A1. We employ $g_{\phi}\in\mathbb{R}^{f\times d_1}$ and $f_\theta\in\mathbb{R}^{f\times d_1}$ to derive semantic and heterogeneous representations, where $f$ and $d_1$ are the dimensions of node features and representations, respectively. We then employ projection heads $p_{\varphi}\in\mathbb{R}^{d_1\times c}$ and $q_\gamma\in\mathbb{R}^{d_1\times d_2}$ to map representations, where $c$ and $d_2$ are mapped dimensions. We summarized the settings of the above notations in Table 3 in the uploaded PDF file.

Q2. Unclear derivation of the first loss. Why an entropy constraint in (13)? How do we translate (8) to (13) and what is the correspondence terms? Or is (13) only for solving the last term in (8)? Clarity can be further improved upon $\mathcal{L}_{sp}$ .

A2. The second term (i.e., the entropy constraint) in Eq. (13) is used to maximize the entropy of $\mathbf{Y}$ (the entropy is maximum when nodes are evenly assigned in different clusters), thereby preventing most nodes from being assigned to the same cluster.

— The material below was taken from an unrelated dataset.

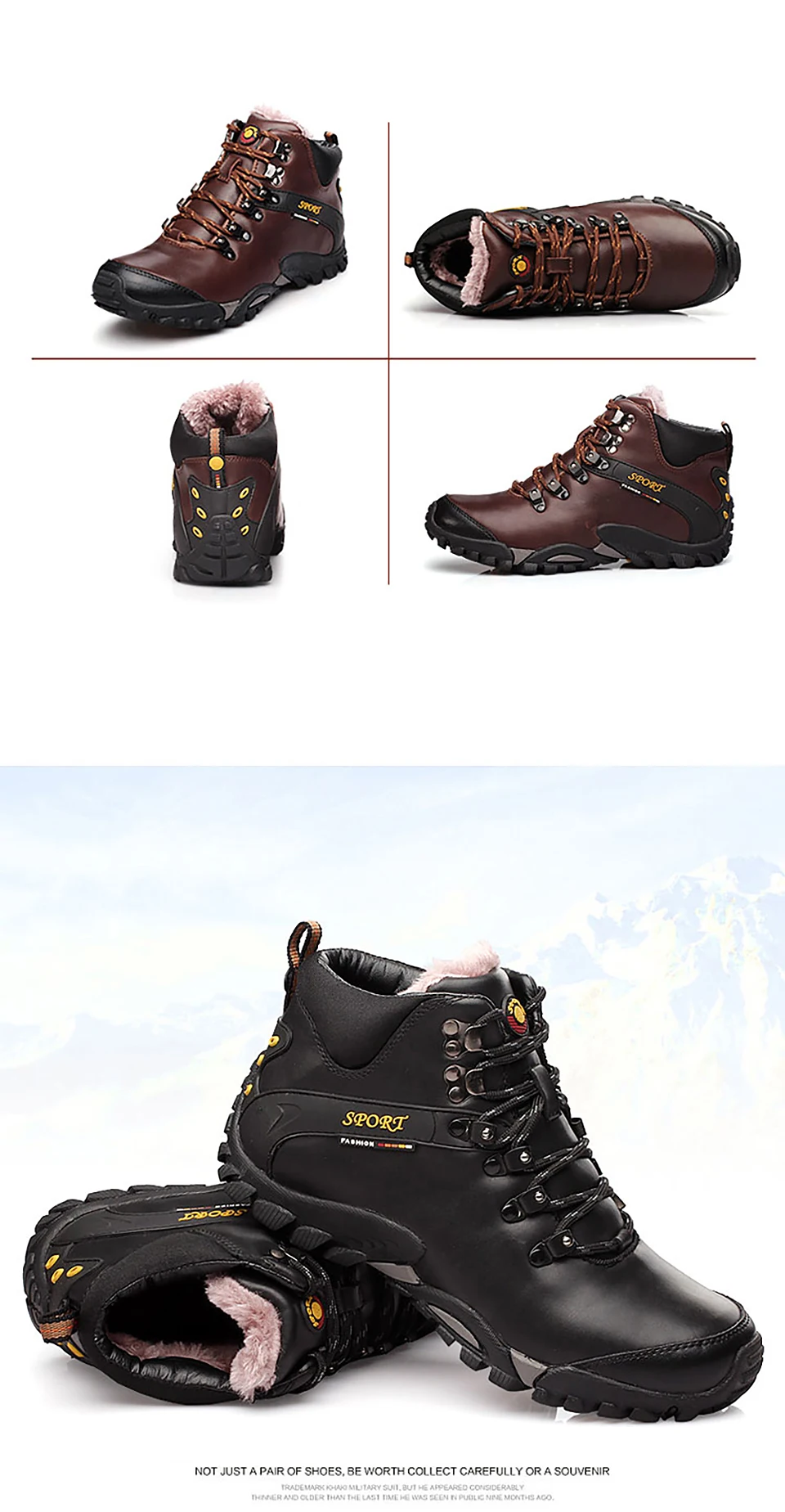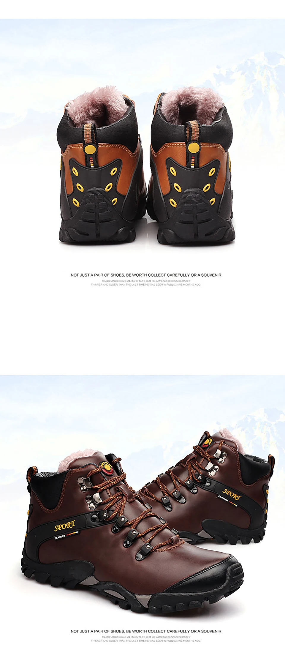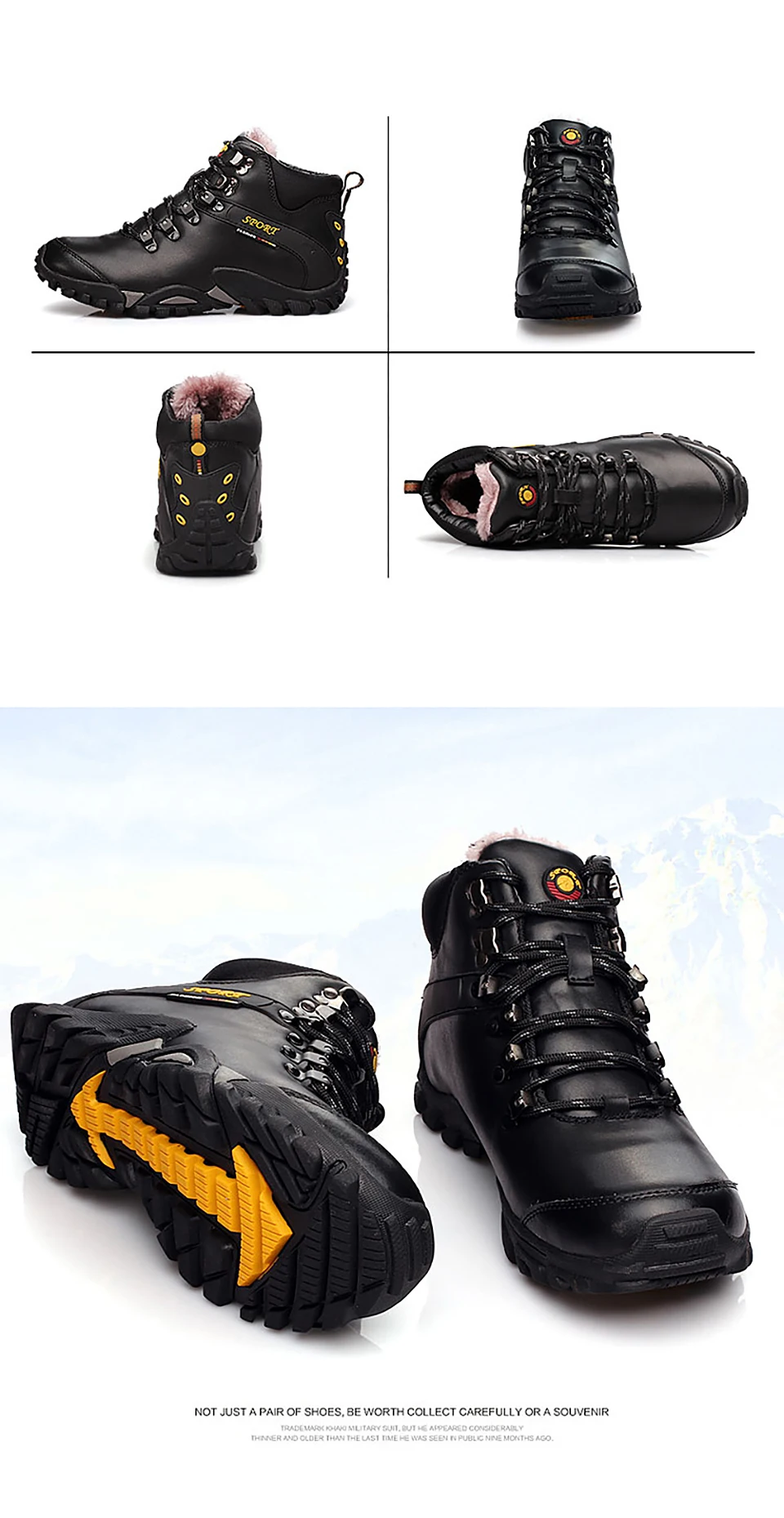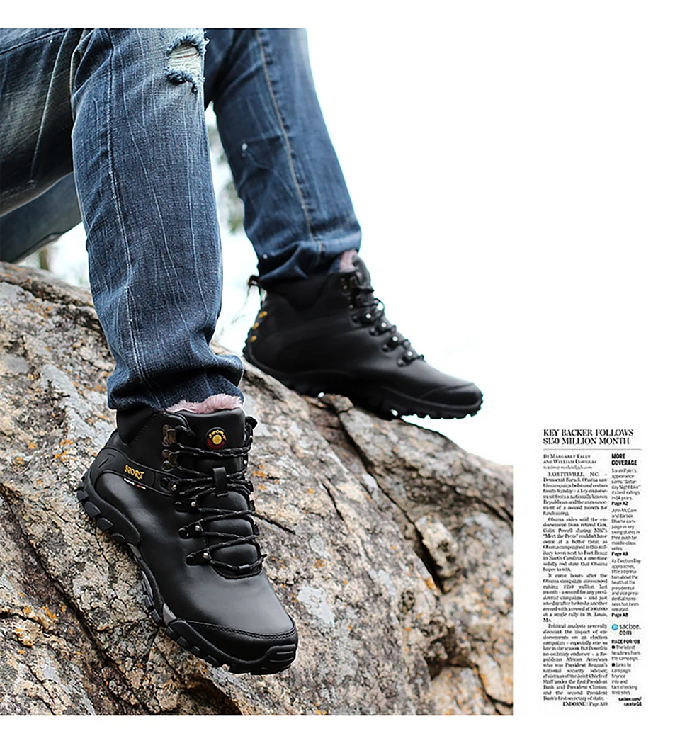 2018 New Men Warm Winter Leather Hiking Boots Waterproof Men Moutain Boots Shoes Climbing Outdoor Male High Top Trekking Shoes

The first term in Eq. (13) is only for solving the last term in Eq. (8). Specifically, as stated in lines 153-157, Eq. (8) is solved by the alternating optimization, i.e., fix $\mathbf{S}$ then optimize $\mathbf{F}$ , and fix $\mathbf{F}$ then optimize $\mathbf{S}$ . When fixing $\mathbf{F}$ , Eq. (8) only remains the first two terms to optimize $\mathbf{S}$ (the last term in Eq. (8) is fixed), thus we can obtain the closed-form solution of $\mathbf{S}$ with Eq. (10). When fixing $\mathbf{S}$ , Eq. (8) only remains the last term to optimize $\mathbf{F}$ (the first two terms in Eq. (8) are fixed), which requires cubic time complexity due to the eigendecomposition. Hence, we replace it with neural networks (i.e., $p_\varphi$ and orthogonal layer) and the spectral loss to reduce the time complexity.

Therefore, $\mathcal{L}_{sp}$ in Eq. (13) consists of two parts, i.e., the first term optimizes $\mathbf{Y}$ to approximate $\mathbf{F}$ to solve the last term of Eq. (8), and the second term assigns nodes evenly into different clusters.

Q3. Why is $\mathbf{Y}$ a probability matrix? Any guarantee on that? Do we need a simplex constraint on $\mathbf{Y}$ ?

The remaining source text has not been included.